Der Stiefstiefenkel – die Wahrscheinlichkeitsrechnung
Und warum ist nun innerhalb der Mathematik die Wahrscheinlichkeitsrechnung das Stiefkind? Mir persönlich wurde das erst nach und nach bewusst. Die einfachste und womöglich beste, sofort einleuchtende Begründung ist die hier: Wer die Mathematik liebt, sich zu ihr hingezogen fühlt, hat eigentlich eine ganz spezielle Neigung. Das ist die Neigung zur Exaktheit. Die Mathematik ist exakt. Es gibt eine Aussage, diese versucht man, zu beweisen, gelegentlich zu widerlegen. Die Aussage ist „wahr“ oder die Aussage ist „falsch“, 1 oder 0. Was ist dann der Wert einer Aussage „es ist wahrscheinlich“, also „es scheint wahr “? Da lass ich die Finger von, scheint wahr, igitt, das ist doch keine Mathematik. Noch dazu soll ja gerade der Schein oft genug trügen…
Diese Begriffsüberlagerung ist natürlich kein Zufall und hat eben besagte Konsequenzen. Scheint wahr geht einfach nicht. Man kann halt ein paar Aussagen treffen und das war es. Ab jetzt machen wir richtige Mathematik (so der Unterton der Mathematiker; leider muss ich weiterhin behaupten, dass selbst dieses ihnen nicht bewusst ist; alle, die aus gutem Grund widersprechen bitte aufstehen).
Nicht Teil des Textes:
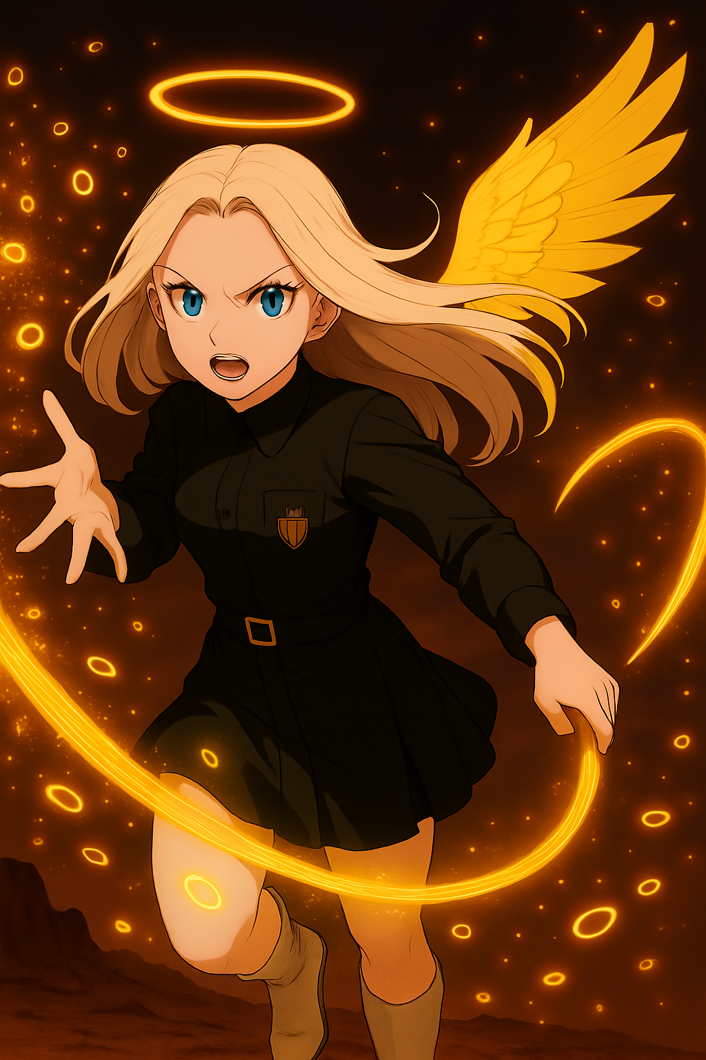クリスは左手で握り持っているリボンっぽい黄金色な波状なオーラを揺らしたら、花火みたいなけたたましい音が発生すると同時に、振られたリボンっぽいオーラからは夥しい程の黄金色の小さな輪たちが変貌した姿の犯人少女へ向けて飛んでいったーーー!

Wenn wir uns den Begriff noch genauer anschauen, das Wort „wahrscheinlich“ wurde sicher lange vor Erfindung dieser umständlichen Formeln und Rechenmethoden eingeführt, einfach verwendet. Und man bezeichnet etwas damit. Das, was man bezeichnet, ist eigentlich ein Ereignis, was (deutlich) über 50% liegt. „Wahrscheinlich wird es heute regnen, nimm einen Schirm mit.“ Sonst würde man ja sagen: „Vielleicht…, aber nimm ihn trotzdem mit“. Oder, so kann man es auch sagen: Wahrscheinlich steht für große Wahrscheinlichkeiten, bei kleineren sagt man eher, es ist unwahrscheinlich. Also selbst der Begriff hält einer echten Prüfung nicht mal stand.
Wenn ich also solche Gespräche höre (oder dummerweise manchmal daran teilnehme, hineingezogen werde), frage ich u.U. zurück: „Ja, wie wahrscheinlich ist es denn?“ Aber man zieht sich eher Zorn zu.
Eine weitere Begründung sehe ich übrigens darin, dass ein Jeder, auch der Mathematiker, ein Bedürfnis nach Sicherheit hat. Aber es kann sogar sein, dass man zum Mathematiker wird, auf Grund dieses, im Verhältnis zur Restbevölkerung noch größeren Strebens nach Sicherheit. Man möchte nicht irgend eine andere Wissenschaft betreiben, Physik, Chemie, da stellt man irgend etwas fest, kann das bedeuten, kann auch das bedeuten, Interpretationen, im Zweifel ein Messfehler und so weiter. Gerade der Mathematiker wird dazu, weil er Unwägbarkeiten ausschließen möchte, ganz speziell und bewusst, also womöglich ist es sogar eine Charakterfrage. Mathematik und Unwägbarkeit, das passt nicht.